### Problem details
What you should give back is a precise copy of the lines below from the one containing "Kartka Świąteczna z" through the one containing "Brasileiro de Psicanálise.", with no pictures.

### Record excerpts
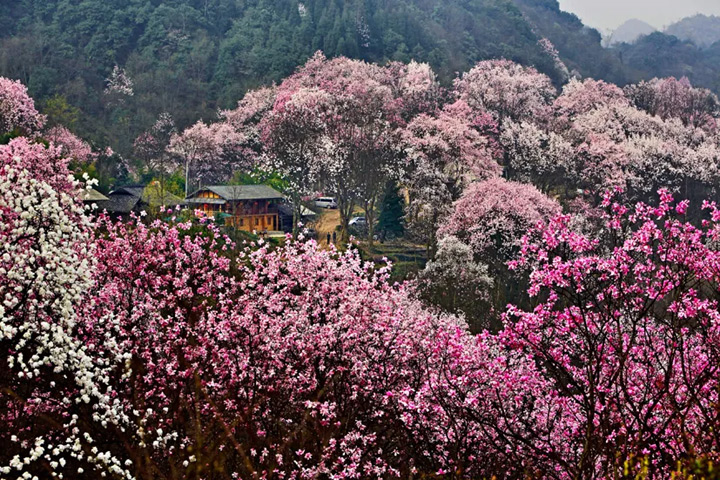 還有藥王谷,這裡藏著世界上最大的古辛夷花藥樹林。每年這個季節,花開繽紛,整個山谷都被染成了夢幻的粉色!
==
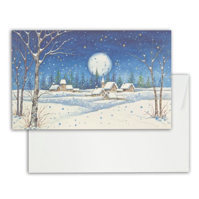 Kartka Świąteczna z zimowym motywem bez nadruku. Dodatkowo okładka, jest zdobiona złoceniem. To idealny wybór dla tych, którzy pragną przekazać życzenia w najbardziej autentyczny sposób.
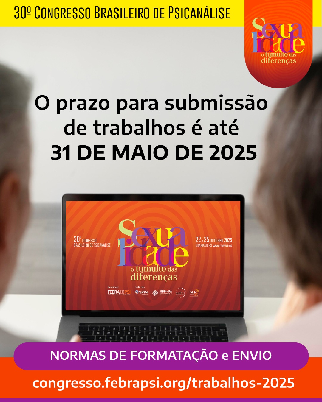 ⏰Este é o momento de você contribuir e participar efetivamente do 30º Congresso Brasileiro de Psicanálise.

### Solution for this exercise
 Kartka Świąteczna z zimowym motywem bez nadruku. Dodatkowo okładka, jest zdobiona złoceniem. To idealny wybór dla tych, którzy pragną przekazać życzenia w najbardziej autentyczny sposób.
 ⏰Este é o momento de você contribuir e participar efetivamente do 30º Congresso Brasileiro de Psicanálise.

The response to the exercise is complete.